Кладбище ведьм - стр. 8
Тугая капля воды соскользнула с крана и ударилась о дно ванны.
Шлёп.
Грибов прикрыл дверь, заторопился через гостиную к выходу. Заметил, что по полу гостиной в сторону кухни тянется извилистый бурый след, словно тащили здесь мокрое и тяжелое. Ясно же, что именно тащили. Вернее – кого.

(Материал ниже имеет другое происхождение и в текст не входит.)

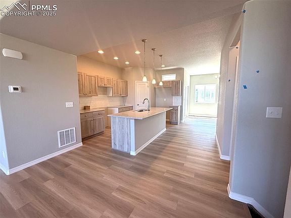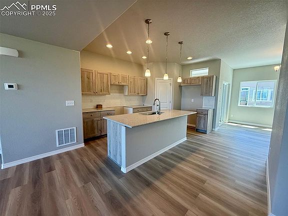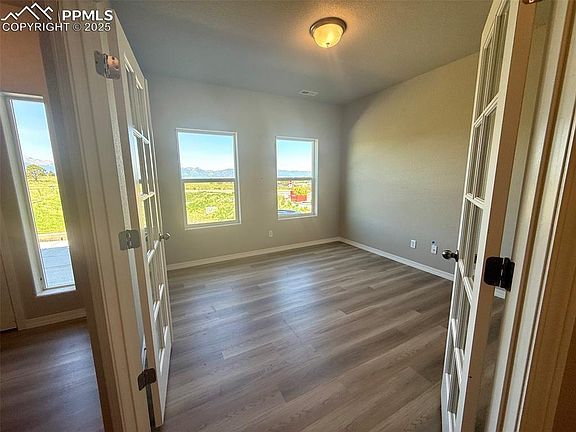 Looking for great mountain views? This spacious 3-story home delivers just that—with unobstructed views of Pikes Peak and the Front Range from the flex room, the living room and the primary suite. The entry level offers that flexible bonus room—perfect for a home office, gym, or playroom—plus a powder room and a 2-car garage. On the main floor, the open-concept kitchen, 9 foot ceilings, dining area, and living room create a bright, welcoming space for everyday living or entertaining. Upstairs, the primary suite includes a walk-in closet, while two additional bedrooms and a full bath complete the top level. It’s a thoughtful layout with comfort, luxury, convenience, and Colorado scenery in mind.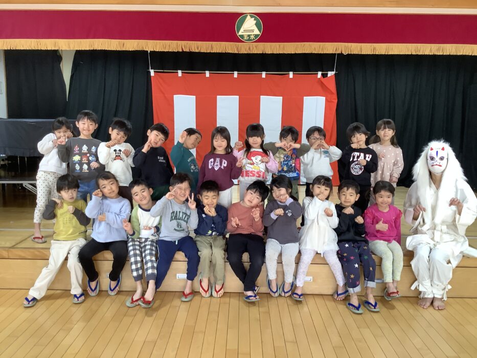 豆まきはご覧の通り「鬼退治するぞ〜」と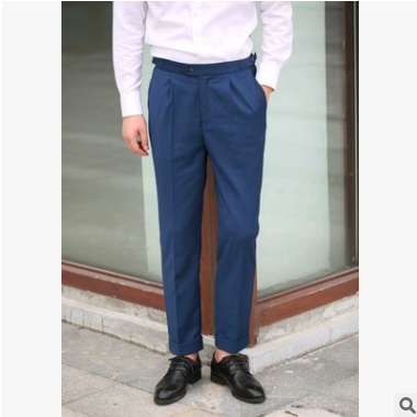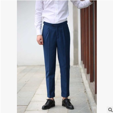 新款 黑色復(fù)古高腰巴黎扣 修身西褲 收褶翻邊款 男士褲 可定制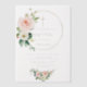 Luxury Pink Blush Floral Gold Cross Baptism Vellum Invitations. It features watercolour white, cream, blush pink flowers, faux gold round frame, floral divider, all on a transparent vellum background. Use Personalize tool to add your info. For matching items, please, visit my Religious Vellum Invitations Collection.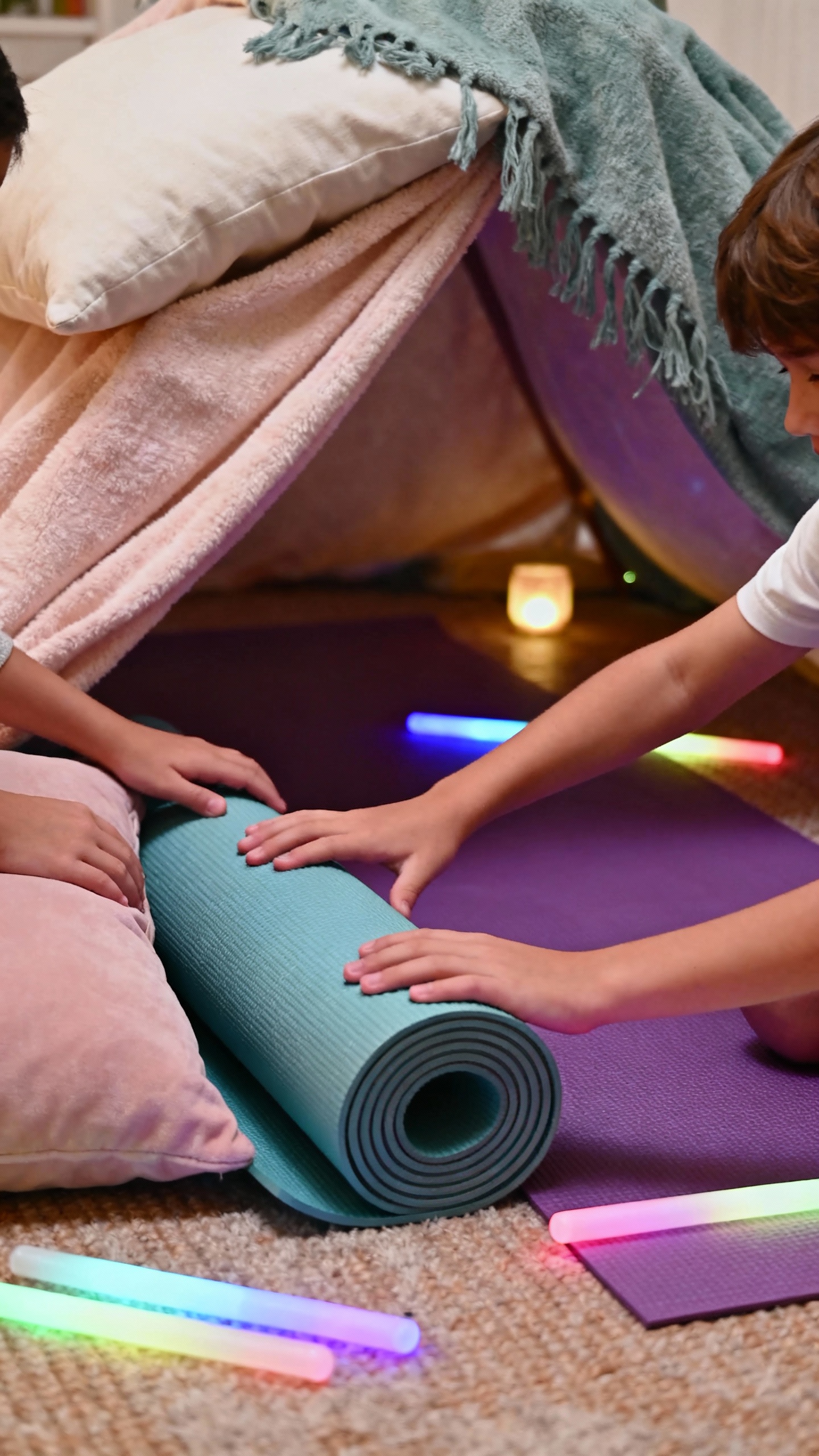 • Layer the floor: Yoga mats + blankets + pillows. Comfort without breaking the bank.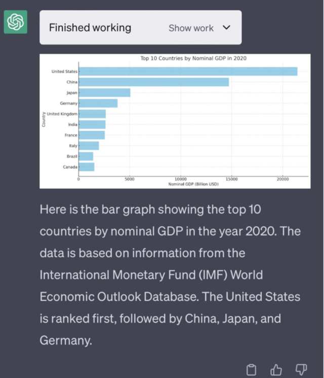 4、无需任何数据输入即可绘制公共数据图。可以从国际货币基金组织等公共数据库中获取数据,并无需任何代码操作即可将其可视化。例如,绘制一个2020年全球GDP排名前十的国家。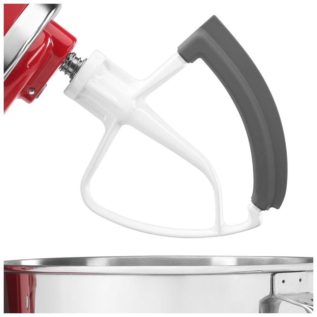 Plochý šľahač s flexi stierkou KitchenAid je dodatočným príslušenstvom pre 5KSM150PS-156 Kuchynský robot Artisan s misou s objemom 4,8 l (a pre rady robotov: 5K45, 5KPM50, 5KSM125, 5KSM175). Šľahač je vyrobený z hliníka s nepriľnavým nylonovým povrchom, stierka zo silikónu. Vhodný na umývanie v umývačke riadu.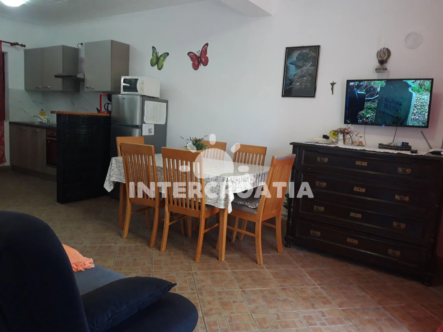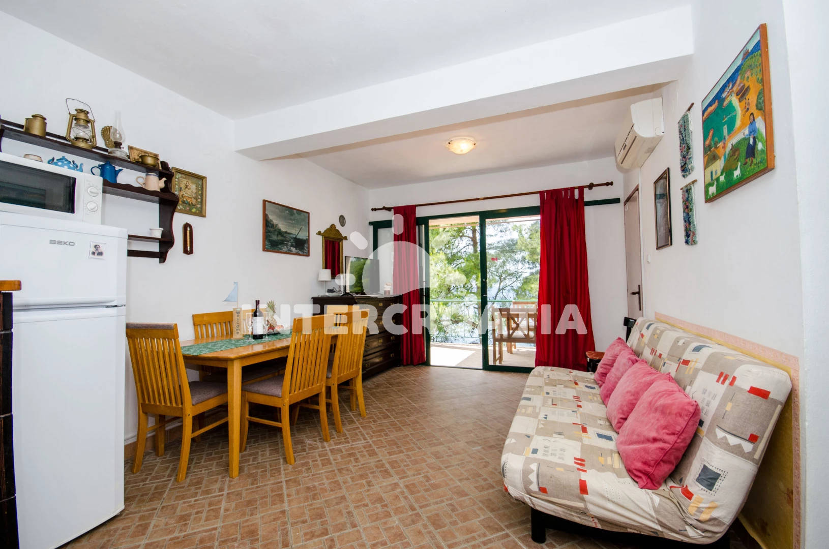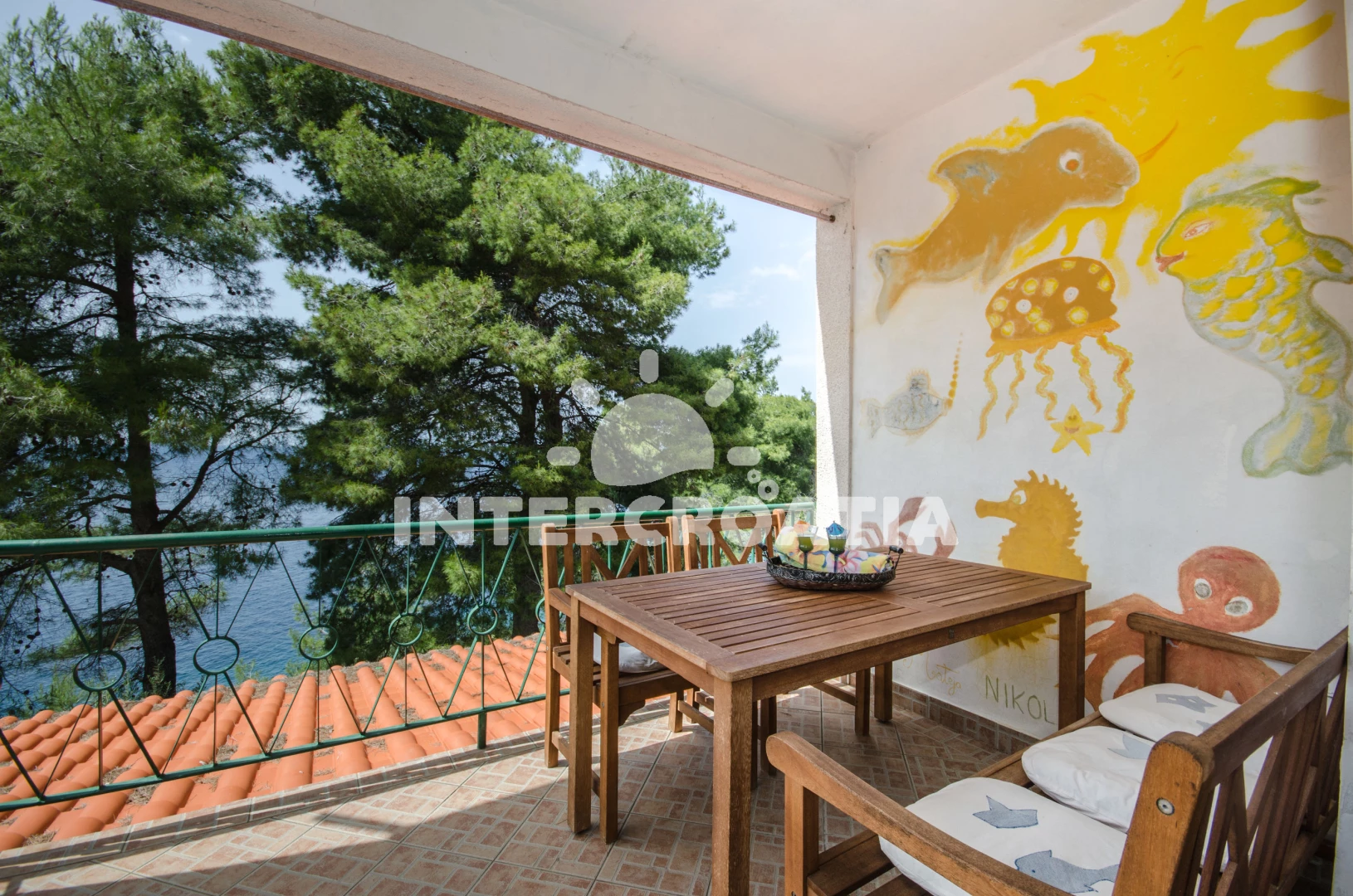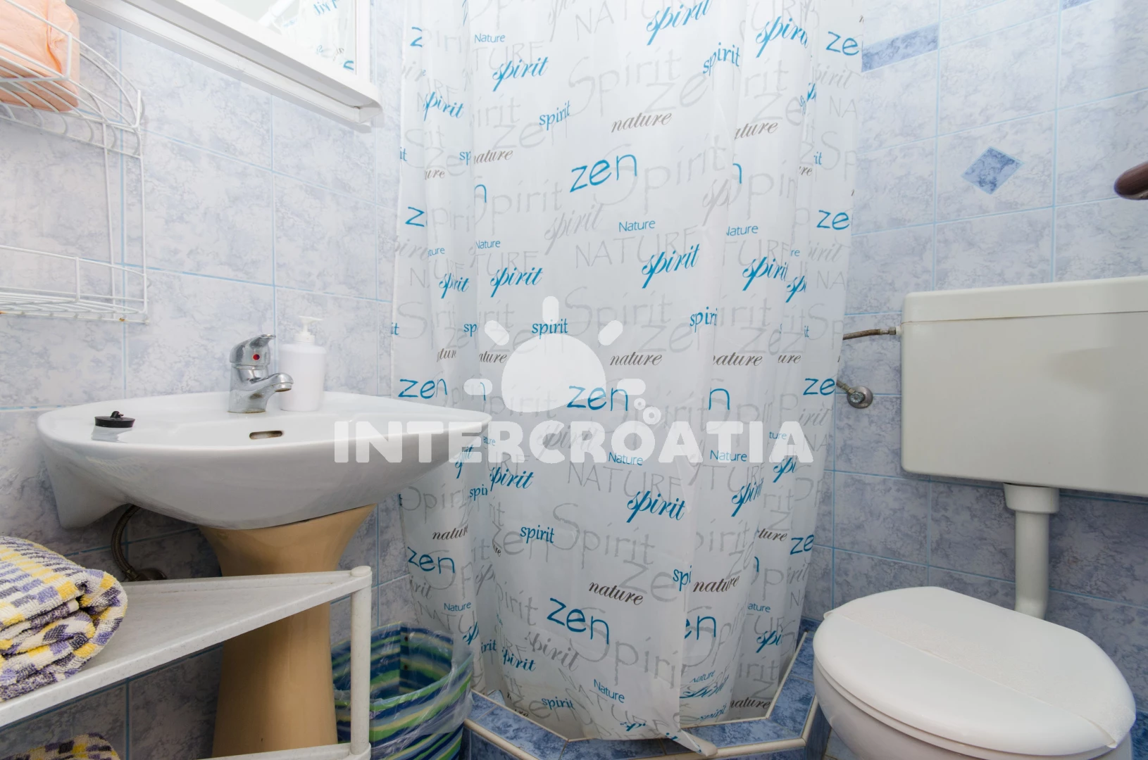 Apartmán se nachází 30 m od moře a pláže. Pláž je kamenné a betonové desky. U objektu je k dispozici společná zahrada s posezením a grilem.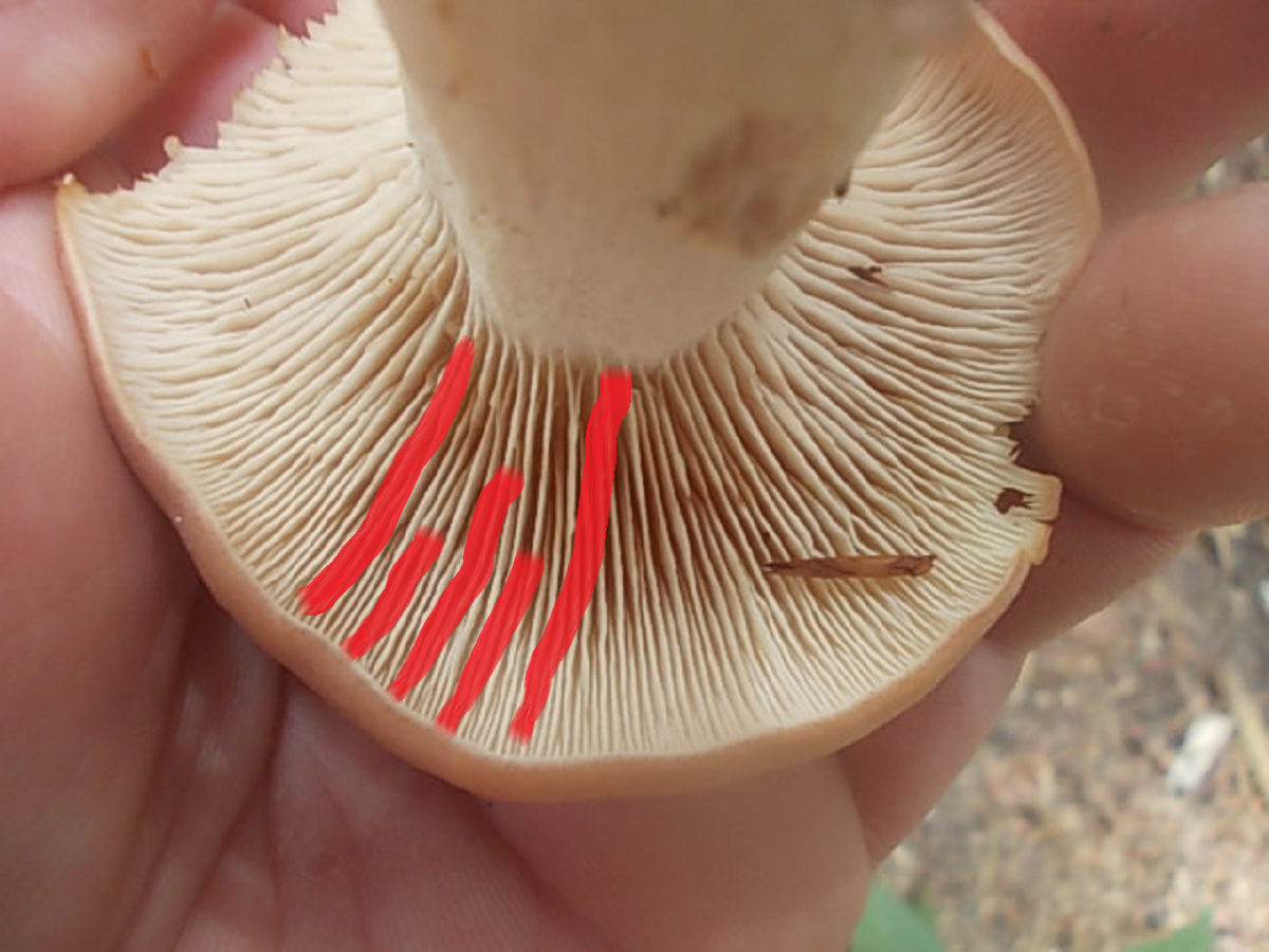 R. gemina und L. helvus beide haben gleiche Lamellenstruktur eine Lange - kurze - Mittellange - kurze und Lange (Herablaufend - Meist herablaufend)

Вырвался на улицу, замер на пороге. Пальцы крепко сжимали бархатную коробку. С крыльца хорошо просматривалась часть улицы. Дом через дорогу – трехэтажный, из белого кирпича, с высоким чугунным забором. Перед воротами – дорогая иномарка. Справа и слева от него – дома пониже, видны только треугольные шиферные крыши. А еще – все та же тишина. Ночью в поселке люди спят.
Уже через десять минут Грибов выехал из поселка в сторону города. Он таки остановился у обочины, выгреб из бардачка бутылку ликера, которая болталась там с новогоднего корпоратива, и пил, пока не стало тошно. А потом помчался по заснеженной дороге домой.
Глава вторая
Когда незнакомый голос в трубке сказал: «Ваша мама умерла», – Надя почувствовала, как в груди у нее что-то оборвалось.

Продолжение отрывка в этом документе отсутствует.